__Instructions for the task__.
Note each line in the data below that holds "shaped", and copy it.
+++++
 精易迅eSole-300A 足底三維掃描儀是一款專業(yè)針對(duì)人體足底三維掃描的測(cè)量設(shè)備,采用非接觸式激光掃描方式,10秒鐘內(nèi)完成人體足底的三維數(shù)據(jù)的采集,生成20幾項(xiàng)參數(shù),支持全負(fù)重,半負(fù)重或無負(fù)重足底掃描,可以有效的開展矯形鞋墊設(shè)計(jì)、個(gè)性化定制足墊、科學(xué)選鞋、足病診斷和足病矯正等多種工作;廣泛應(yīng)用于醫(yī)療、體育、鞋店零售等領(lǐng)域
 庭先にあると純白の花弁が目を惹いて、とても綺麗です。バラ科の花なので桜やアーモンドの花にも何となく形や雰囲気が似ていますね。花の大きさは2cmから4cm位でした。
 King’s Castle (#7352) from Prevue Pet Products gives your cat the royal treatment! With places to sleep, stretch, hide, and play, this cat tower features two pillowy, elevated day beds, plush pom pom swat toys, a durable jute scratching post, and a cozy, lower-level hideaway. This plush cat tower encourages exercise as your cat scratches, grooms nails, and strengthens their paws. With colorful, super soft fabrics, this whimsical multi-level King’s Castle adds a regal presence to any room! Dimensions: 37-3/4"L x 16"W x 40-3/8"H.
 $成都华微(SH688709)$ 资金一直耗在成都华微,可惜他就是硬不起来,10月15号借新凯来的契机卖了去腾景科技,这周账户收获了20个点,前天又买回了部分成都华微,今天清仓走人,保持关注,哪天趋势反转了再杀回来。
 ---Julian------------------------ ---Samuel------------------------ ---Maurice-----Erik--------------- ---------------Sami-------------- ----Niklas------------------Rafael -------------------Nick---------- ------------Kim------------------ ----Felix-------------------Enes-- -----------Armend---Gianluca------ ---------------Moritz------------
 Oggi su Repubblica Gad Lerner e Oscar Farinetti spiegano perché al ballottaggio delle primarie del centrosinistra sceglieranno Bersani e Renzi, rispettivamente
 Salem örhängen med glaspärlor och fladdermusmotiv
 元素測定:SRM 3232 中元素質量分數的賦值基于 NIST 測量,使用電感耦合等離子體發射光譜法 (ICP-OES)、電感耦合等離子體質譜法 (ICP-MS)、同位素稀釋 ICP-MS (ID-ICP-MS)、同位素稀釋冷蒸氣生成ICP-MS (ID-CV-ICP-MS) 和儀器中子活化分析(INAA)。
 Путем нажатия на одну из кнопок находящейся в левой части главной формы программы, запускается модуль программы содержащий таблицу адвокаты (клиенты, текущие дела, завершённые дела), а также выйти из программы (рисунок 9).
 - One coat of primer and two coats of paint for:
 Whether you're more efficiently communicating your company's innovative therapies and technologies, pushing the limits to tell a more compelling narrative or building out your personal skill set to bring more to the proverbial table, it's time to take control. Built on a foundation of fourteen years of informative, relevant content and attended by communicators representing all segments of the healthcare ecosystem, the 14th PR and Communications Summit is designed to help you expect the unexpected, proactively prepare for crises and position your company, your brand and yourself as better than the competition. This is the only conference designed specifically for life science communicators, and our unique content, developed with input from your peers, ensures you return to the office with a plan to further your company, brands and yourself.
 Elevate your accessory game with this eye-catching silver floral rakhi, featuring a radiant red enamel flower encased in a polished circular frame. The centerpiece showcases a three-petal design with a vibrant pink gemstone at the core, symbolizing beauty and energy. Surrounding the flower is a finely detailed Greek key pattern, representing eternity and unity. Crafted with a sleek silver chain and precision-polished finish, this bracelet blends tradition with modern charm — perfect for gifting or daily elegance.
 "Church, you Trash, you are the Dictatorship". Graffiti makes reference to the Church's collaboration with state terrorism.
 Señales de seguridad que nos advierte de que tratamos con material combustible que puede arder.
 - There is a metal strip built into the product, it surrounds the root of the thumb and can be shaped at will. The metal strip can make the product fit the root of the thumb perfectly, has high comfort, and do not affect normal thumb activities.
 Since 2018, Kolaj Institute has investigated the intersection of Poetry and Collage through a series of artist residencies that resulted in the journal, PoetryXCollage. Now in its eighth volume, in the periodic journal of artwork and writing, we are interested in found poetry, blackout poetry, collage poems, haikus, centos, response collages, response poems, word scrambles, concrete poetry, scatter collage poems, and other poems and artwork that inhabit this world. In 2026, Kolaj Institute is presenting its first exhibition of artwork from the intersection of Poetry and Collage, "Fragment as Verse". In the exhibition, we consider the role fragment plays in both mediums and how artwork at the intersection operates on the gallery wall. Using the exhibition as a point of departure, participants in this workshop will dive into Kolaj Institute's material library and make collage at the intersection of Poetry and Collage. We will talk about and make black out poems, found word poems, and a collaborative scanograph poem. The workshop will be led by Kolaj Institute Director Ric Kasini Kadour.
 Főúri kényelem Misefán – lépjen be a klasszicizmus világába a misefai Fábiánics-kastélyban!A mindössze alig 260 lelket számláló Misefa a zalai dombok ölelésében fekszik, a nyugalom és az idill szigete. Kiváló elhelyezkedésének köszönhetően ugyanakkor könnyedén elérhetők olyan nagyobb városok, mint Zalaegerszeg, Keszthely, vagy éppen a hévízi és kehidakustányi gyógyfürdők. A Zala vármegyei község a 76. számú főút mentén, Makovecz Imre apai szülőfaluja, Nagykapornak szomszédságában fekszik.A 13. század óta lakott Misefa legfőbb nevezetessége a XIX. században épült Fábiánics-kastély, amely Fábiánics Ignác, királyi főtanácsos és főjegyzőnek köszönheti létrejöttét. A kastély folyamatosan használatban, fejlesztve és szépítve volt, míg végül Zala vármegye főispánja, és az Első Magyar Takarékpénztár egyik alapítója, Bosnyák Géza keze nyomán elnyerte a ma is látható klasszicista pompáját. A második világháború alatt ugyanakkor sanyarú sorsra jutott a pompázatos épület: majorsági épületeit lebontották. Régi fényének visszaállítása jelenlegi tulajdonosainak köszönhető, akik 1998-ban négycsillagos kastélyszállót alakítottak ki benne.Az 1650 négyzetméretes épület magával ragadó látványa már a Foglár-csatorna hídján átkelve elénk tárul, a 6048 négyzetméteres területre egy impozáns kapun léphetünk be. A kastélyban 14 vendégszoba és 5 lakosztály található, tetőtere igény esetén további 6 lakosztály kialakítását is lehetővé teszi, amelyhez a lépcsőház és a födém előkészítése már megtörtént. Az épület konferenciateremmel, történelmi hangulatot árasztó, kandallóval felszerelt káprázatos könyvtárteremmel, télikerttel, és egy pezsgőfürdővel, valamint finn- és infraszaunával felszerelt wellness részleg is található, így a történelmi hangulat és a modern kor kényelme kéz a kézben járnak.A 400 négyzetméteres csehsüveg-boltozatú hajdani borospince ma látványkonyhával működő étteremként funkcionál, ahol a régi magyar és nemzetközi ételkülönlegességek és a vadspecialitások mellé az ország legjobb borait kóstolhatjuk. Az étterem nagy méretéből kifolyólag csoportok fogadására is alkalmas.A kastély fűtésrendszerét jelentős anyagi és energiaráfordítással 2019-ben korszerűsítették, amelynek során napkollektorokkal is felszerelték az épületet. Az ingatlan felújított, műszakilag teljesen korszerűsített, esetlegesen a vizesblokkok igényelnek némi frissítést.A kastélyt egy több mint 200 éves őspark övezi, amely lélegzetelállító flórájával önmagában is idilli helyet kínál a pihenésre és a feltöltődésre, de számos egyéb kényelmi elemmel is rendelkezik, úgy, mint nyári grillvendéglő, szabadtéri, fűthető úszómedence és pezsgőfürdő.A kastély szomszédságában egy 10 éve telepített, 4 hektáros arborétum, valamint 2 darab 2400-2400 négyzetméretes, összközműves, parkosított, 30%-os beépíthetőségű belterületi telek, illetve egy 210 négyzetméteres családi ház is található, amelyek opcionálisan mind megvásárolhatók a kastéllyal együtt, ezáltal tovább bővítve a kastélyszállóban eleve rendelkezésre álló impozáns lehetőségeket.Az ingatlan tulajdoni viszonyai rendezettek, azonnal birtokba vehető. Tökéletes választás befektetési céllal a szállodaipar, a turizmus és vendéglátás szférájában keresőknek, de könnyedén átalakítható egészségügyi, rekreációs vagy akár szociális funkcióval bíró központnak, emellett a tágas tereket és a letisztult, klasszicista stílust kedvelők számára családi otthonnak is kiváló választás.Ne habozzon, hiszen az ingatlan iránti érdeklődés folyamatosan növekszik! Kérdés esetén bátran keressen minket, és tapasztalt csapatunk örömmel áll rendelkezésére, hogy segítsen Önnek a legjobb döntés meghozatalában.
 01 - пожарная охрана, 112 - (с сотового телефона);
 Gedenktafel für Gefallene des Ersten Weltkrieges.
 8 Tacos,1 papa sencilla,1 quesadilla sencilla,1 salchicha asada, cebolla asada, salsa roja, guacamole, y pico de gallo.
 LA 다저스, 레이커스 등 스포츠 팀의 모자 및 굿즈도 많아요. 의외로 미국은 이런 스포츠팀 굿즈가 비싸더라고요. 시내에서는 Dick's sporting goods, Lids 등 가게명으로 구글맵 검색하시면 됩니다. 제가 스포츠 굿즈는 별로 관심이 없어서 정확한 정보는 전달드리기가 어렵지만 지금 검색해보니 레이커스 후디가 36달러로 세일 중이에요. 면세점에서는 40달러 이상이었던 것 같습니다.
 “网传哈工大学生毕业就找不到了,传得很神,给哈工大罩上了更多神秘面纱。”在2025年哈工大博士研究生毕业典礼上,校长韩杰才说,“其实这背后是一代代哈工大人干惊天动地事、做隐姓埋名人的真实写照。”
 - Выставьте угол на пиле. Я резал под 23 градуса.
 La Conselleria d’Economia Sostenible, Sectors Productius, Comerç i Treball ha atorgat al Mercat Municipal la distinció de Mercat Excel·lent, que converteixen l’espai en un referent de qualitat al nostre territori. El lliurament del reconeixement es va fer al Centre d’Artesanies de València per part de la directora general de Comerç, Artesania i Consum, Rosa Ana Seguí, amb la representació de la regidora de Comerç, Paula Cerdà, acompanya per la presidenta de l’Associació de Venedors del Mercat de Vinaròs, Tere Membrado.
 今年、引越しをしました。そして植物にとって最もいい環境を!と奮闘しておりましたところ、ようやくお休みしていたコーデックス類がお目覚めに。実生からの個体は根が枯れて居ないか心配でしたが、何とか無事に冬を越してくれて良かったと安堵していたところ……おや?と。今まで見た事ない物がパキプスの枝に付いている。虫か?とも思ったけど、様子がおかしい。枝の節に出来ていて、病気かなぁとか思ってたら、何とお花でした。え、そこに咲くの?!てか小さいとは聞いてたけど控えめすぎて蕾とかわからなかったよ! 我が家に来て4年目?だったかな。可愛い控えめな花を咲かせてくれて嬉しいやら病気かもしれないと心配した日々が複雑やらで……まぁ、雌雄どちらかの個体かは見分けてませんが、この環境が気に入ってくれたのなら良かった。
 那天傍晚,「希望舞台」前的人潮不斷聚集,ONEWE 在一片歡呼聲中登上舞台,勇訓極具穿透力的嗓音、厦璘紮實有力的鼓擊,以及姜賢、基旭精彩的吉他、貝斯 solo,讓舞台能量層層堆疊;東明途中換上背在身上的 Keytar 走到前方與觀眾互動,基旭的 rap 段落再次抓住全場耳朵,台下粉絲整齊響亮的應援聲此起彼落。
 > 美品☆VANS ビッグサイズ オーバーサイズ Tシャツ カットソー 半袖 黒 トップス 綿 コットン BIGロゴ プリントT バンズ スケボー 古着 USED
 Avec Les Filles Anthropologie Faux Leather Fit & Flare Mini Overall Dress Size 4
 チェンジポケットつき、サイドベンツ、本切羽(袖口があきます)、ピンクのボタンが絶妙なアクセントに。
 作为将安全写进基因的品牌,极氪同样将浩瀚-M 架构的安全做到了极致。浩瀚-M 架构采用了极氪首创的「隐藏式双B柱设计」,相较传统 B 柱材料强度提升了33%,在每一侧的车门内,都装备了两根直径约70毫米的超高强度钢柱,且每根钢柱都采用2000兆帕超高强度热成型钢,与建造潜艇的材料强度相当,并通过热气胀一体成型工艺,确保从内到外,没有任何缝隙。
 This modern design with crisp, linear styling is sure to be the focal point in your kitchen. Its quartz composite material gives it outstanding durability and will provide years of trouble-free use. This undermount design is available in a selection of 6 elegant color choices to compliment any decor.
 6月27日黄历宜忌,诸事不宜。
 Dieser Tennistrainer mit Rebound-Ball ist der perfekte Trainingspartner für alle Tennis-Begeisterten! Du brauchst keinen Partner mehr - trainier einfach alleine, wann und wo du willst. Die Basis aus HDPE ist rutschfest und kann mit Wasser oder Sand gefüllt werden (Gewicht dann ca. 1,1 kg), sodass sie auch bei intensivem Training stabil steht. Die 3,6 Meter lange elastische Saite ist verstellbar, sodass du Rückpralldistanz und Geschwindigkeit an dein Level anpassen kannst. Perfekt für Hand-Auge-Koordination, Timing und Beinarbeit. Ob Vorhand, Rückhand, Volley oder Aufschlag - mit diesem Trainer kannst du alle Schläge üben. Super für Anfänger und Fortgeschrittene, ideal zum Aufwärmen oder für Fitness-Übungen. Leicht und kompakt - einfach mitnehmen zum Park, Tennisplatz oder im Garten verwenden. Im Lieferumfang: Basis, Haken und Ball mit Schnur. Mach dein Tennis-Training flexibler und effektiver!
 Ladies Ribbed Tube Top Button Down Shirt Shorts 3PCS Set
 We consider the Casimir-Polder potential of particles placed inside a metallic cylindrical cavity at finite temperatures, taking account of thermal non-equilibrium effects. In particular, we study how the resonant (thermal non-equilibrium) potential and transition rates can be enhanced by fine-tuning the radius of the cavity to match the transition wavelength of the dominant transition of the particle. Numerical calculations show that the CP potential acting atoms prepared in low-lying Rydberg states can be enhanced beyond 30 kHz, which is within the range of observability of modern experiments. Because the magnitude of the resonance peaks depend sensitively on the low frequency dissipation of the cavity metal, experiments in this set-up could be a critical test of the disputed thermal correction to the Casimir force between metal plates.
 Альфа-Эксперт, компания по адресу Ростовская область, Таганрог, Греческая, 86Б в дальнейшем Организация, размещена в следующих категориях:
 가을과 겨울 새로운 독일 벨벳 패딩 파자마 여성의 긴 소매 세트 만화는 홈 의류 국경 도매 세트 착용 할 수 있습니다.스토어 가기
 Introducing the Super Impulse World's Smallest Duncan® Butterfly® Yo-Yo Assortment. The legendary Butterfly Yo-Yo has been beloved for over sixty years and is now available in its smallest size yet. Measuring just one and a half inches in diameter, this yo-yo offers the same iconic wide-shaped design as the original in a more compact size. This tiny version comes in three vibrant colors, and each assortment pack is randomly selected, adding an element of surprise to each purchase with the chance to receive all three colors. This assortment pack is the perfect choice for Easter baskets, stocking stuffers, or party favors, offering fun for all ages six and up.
+++++
__Answer box__.
 - There is a metal strip built into the product, it surrounds the root of the thumb and can be shaped at will. The metal strip can make the product fit the root of the thumb perfectly, has high comfort, and do not affect normal thumb activities.
 Introducing the Super Impulse World's Smallest Duncan® Butterfly® Yo-Yo Assortment. The legendary Butterfly Yo-Yo has been beloved for over sixty years and is now available in its smallest size yet. Measuring just one and a half inches in diameter, this yo-yo offers the same iconic wide-shaped design as the original in a more compact size. This tiny version comes in three vibrant colors, and each assortment pack is randomly selected, adding an element of surprise to each purchase with the chance to receive all three colors. This assortment pack is the perfect choice for Easter baskets, stocking stuffers, or party favors, offering fun for all ages six and up.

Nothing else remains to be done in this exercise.